For those of you who are new to James Alan Gardner, I would recommend first reading one of his other books, "Expendable" which sets up some of the characters and space organizations that are in Hunted.

Rating: 5 stars
Summary: Highly Addictive
Review: There are some books you just want to read, read, read until you get to the end because they're just that good, this was one of those books. Much like Expendable, this is a first-person yarn, and like any good first-person story it has a narrator that the reader can enjoy listening to for 400+ pages. In this story, our narrator Edward York starts out as a Forrest Gump kind of character, a little slow, but also very disarming because he's so kind and gentle. Slowly York becomes tangled in a huge web of deceit and treachery, but is able to save the day with a little help from his friends. Those friends include old favorites like Phylar Tobit and of course Festina Ramos.
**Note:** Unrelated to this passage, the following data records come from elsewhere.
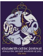
Elizabeth Celtic Festival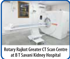
Rotary Rajkot Greater CT Scan Centre at B T Savani Kidney Hospital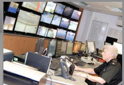
Above: The control room before the refurbishment Left: The new security control room at Aston University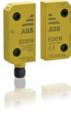
Eden OSSD non-contact safety sensor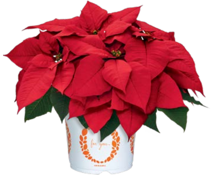
Premium Red 10230 | 7 weeks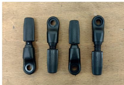
2/ 4 rod end caps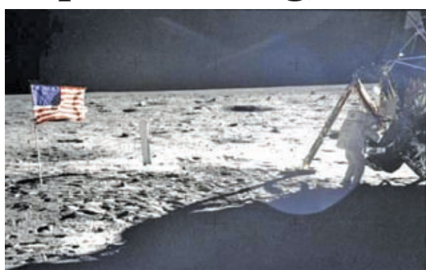
This NASA file image shows US astronaut Neil Armstrong, the Apollo 11 Mission Commander, standing next to the Lunar Module “Eagle” on the moon on 20 July, 1969.

This path, however, is fraught with technological cul-de-sacs that do not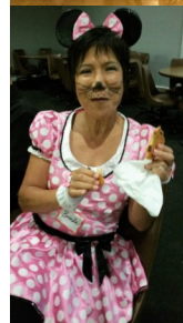
Winners of the costume contest are shown above.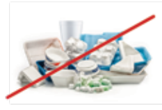
NO Foam Cups & Containers NO vasos y recipientes de poliestireno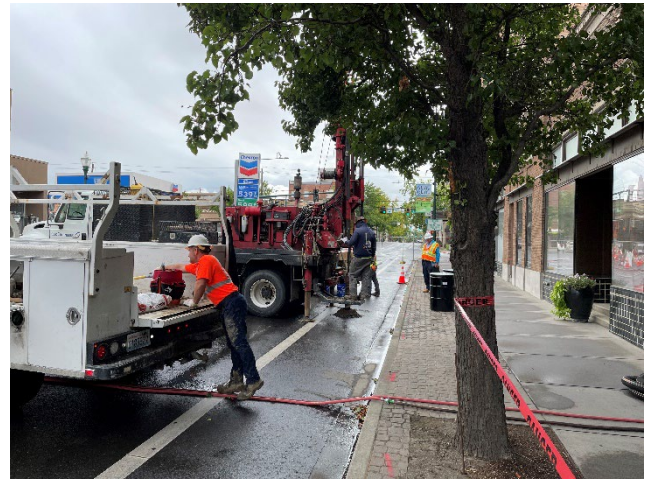
Figure 2. A cleanup contractor preparing to drill a monitoring and recovery well to find and pump spilled gas from groundwater during the spill response.

Mitigating potentially harmful vapors in the hotel and nearby building remains the highest priority, which is why Ecology issued an enforcement order so it will continue until we take over. Because the leaking tank has been emptied, removing the underground tanks will be postponed.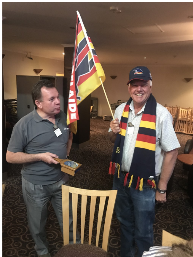
...but he really didn't mind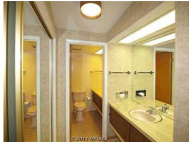
Bath (Master) 2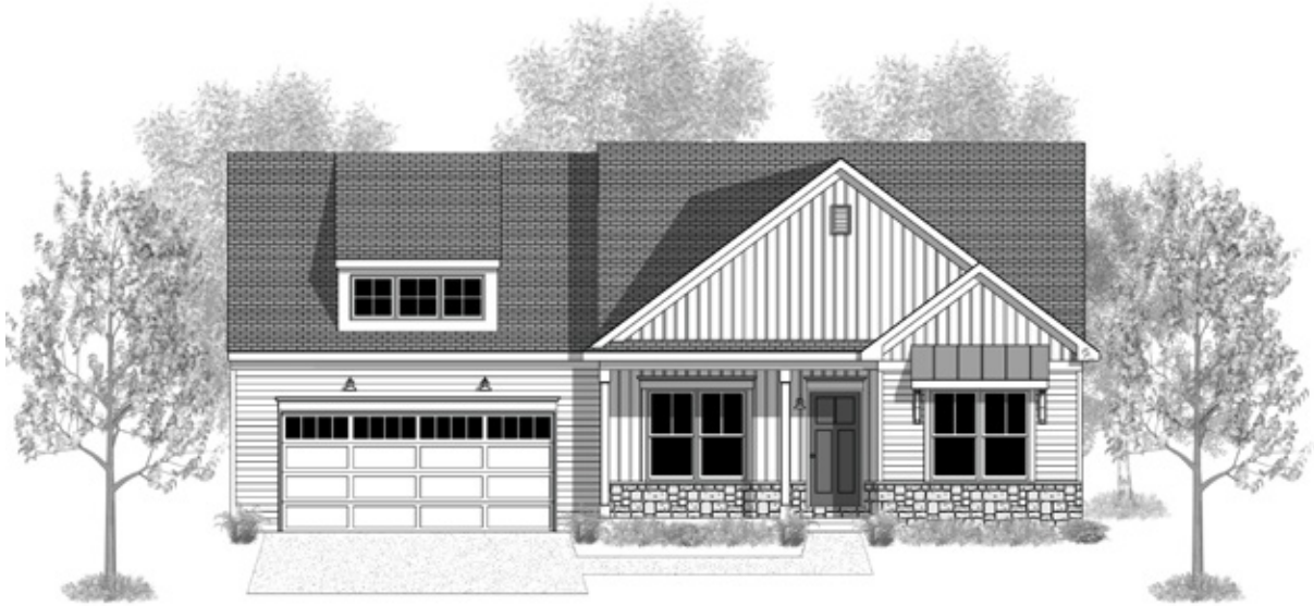
UPGRADED OPTIONAL ELEVATION A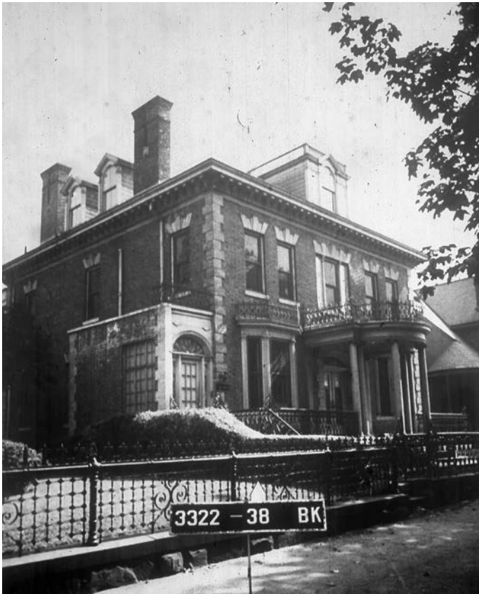
c. 1940 Tax Photo (left)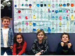
Students tally the number of coats collected for a local drive by creating a graph using paper cutouts of coats.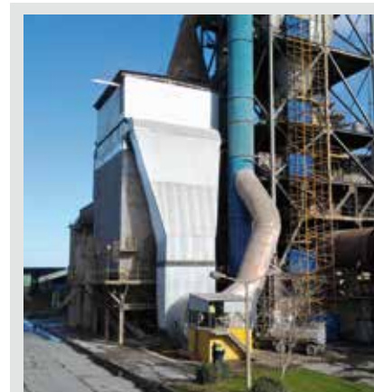
CONVERSION OF ESP IN BAG FILTER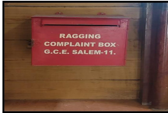
Figure 5 Complaint Box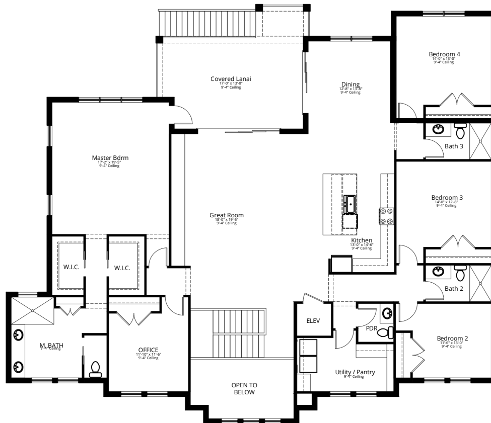
MAIN LEVEL FLOORPLAN

3,323 SF 3 BED/2.5 BATH/OFFICE/ 2-CAR GARAGE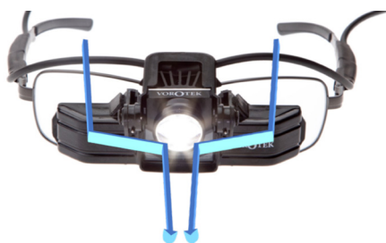
Figure 1. 12mm Converged Binocular Optical pathway.

The Integrated Converged Binoculars can easily be rotated in and out of use. Upward rotation of the Converged Binoculars allows uninterrupted vision, with or without headlight illumination.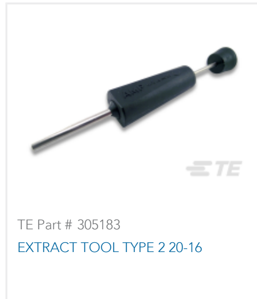
TE Part # 305183 EXTRACT TOOL TYPE 2 20-16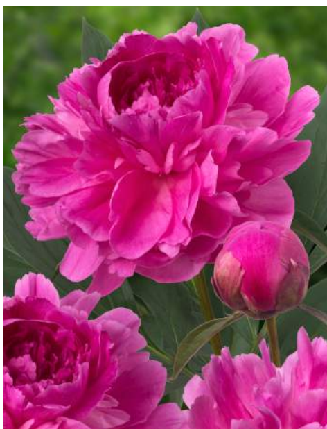
Bunker Hill (1906)

Hunted is an exciting, action-packed book with riveting plot twists and great characters. For hardcore SF readers this might not be serious enough or have enough scientific mumbo-jumbo, and maybe some of the plot twists are rather predictable, but this is just an exciting, entertaining read.

After reading Expendable and Hunted, I'm definitely going to pick up the rest of Gardner's books in this series, I'd recommend you do the same. Since there are no immortal see-through people and no choppy subheadings, I can feel good about giving this book five stars.